[Information shown]

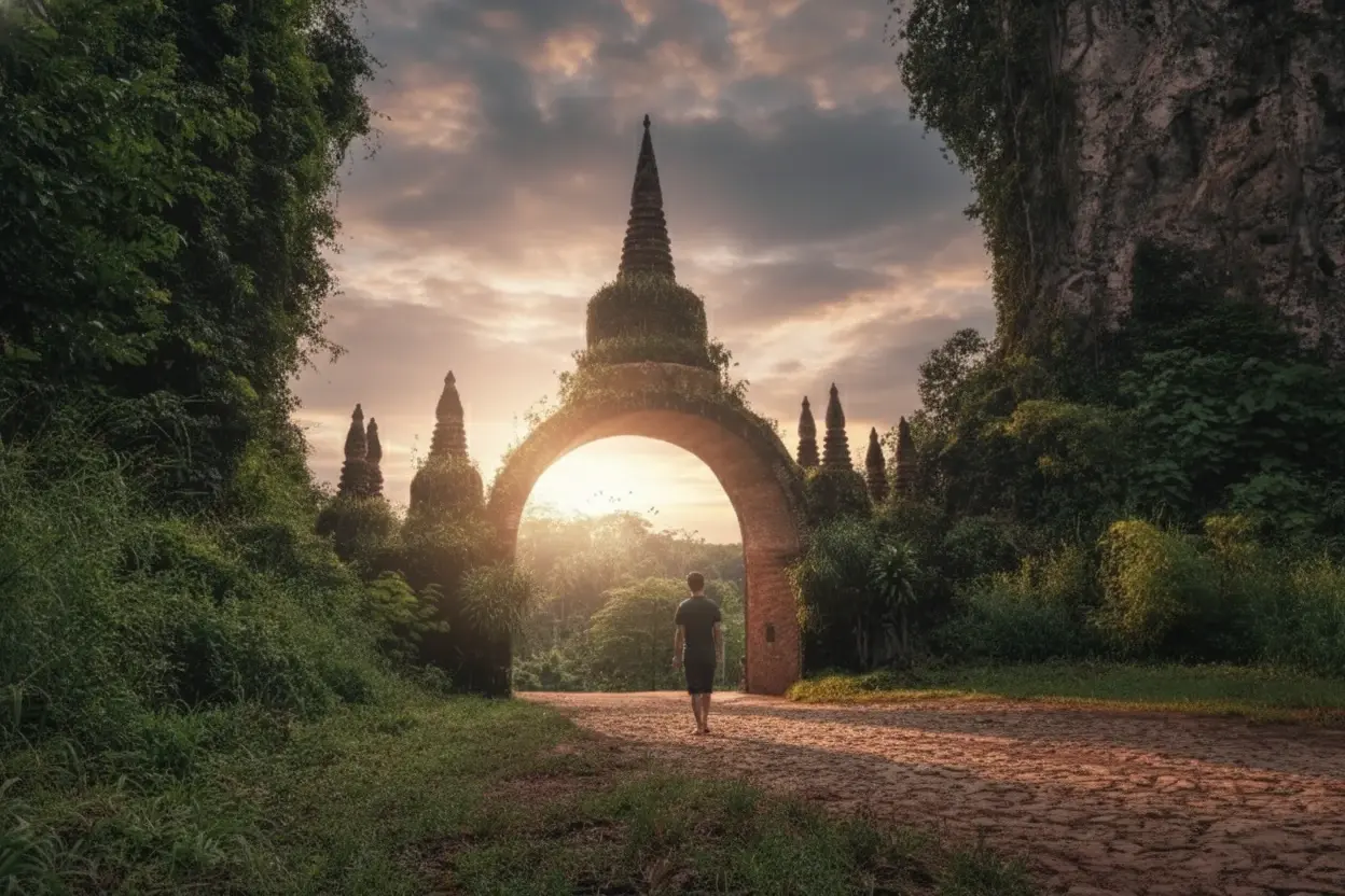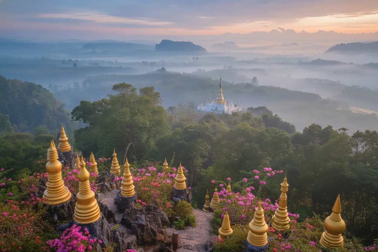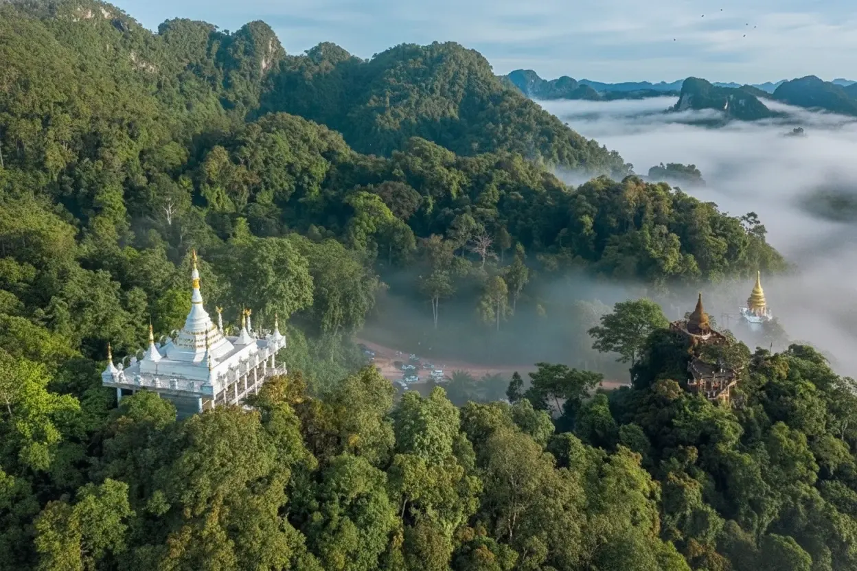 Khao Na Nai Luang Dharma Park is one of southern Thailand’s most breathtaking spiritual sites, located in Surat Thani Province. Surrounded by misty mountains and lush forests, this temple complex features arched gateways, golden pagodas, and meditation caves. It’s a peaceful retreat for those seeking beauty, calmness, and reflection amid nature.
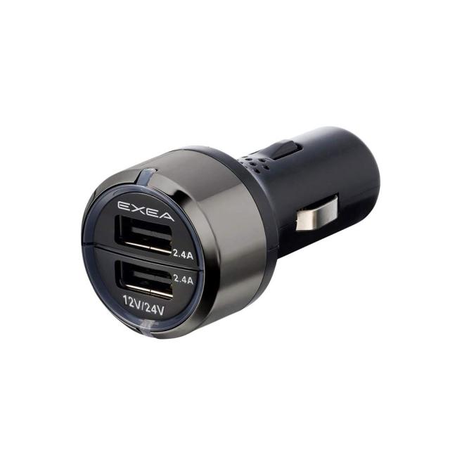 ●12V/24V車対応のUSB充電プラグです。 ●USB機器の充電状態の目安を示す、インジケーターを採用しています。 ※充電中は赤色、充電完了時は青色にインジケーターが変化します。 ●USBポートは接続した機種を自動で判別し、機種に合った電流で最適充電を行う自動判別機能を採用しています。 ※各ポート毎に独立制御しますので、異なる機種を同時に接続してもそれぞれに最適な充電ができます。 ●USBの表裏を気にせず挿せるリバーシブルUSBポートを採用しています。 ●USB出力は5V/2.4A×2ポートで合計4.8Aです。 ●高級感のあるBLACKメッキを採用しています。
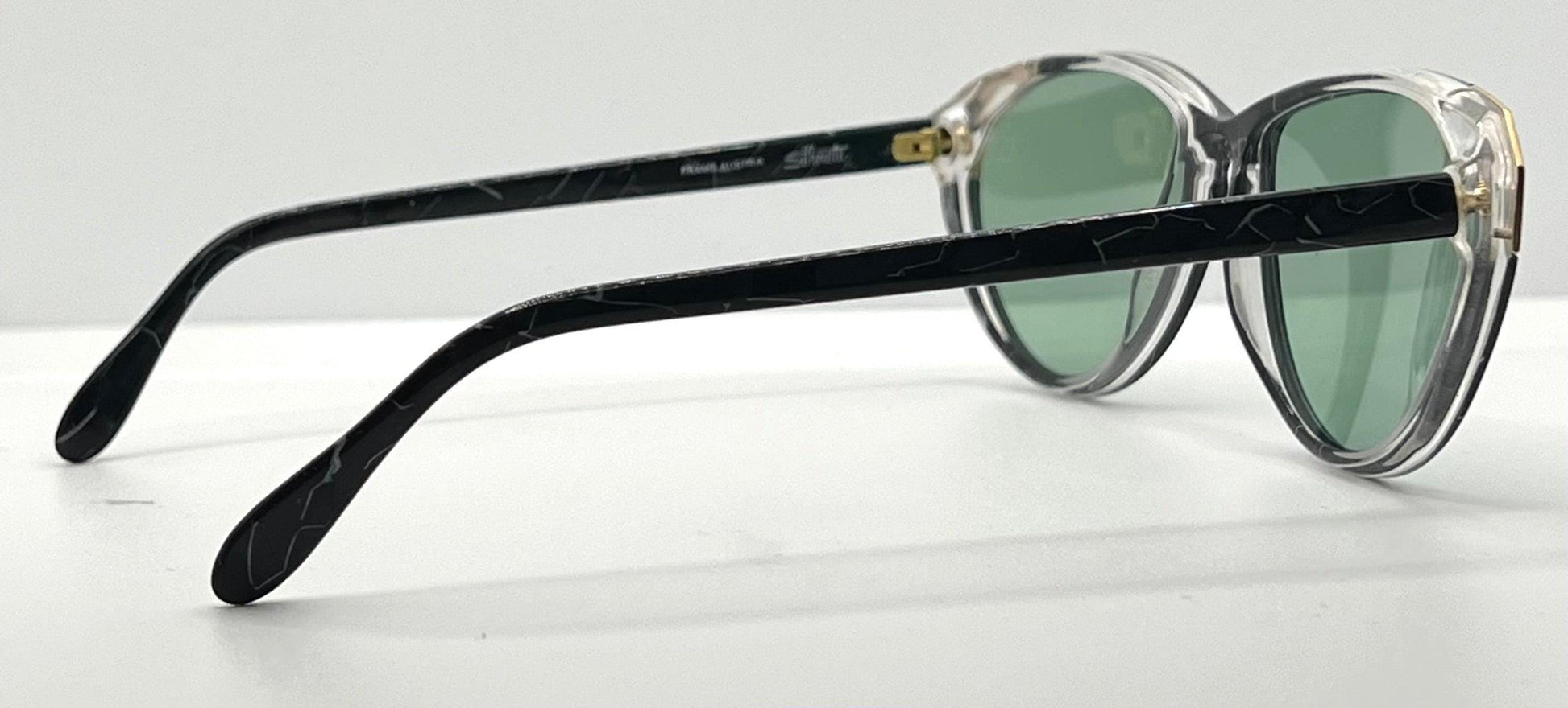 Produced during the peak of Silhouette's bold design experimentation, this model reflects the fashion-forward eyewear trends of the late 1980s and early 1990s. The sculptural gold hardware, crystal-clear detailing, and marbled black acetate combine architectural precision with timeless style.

[/Information shown]

• **What you are asked to do**:
An image-free, exact version of the listing above is required.

• **Solution to this exercise**:
 Khao Na Nai Luang Dharma Park is one of southern Thailand’s most breathtaking spiritual sites, located in Surat Thani Province. Surrounded by misty mountains and lush forests, this temple complex features arched gateways, golden pagodas, and meditation caves. It’s a peaceful retreat for those seeking beauty, calmness, and reflection amid nature.
 ●12V/24V車対応のUSB充電プラグです。 ●USB機器の充電状態の目安を示す、インジケーターを採用しています。 ※充電中は赤色、充電完了時は青色にインジケーターが変化します。 ●USBポートは接続した機種を自動で判別し、機種に合った電流で最適充電を行う自動判別機能を採用しています。 ※各ポート毎に独立制御しますので、異なる機種を同時に接続してもそれぞれに最適な充電ができます。 ●USBの表裏を気にせず挿せるリバーシブルUSBポートを採用しています。 ●USB出力は5V/2.4A×2ポートで合計4.8Aです。 ●高級感のあるBLACKメッキを採用しています。
 Produced during the peak of Silhouette's bold design experimentation, this model reflects the fashion-forward eyewear trends of the late 1980s and early 1990s. The sculptural gold hardware, crystal-clear detailing, and marbled black acetate combine architectural precision with timeless style.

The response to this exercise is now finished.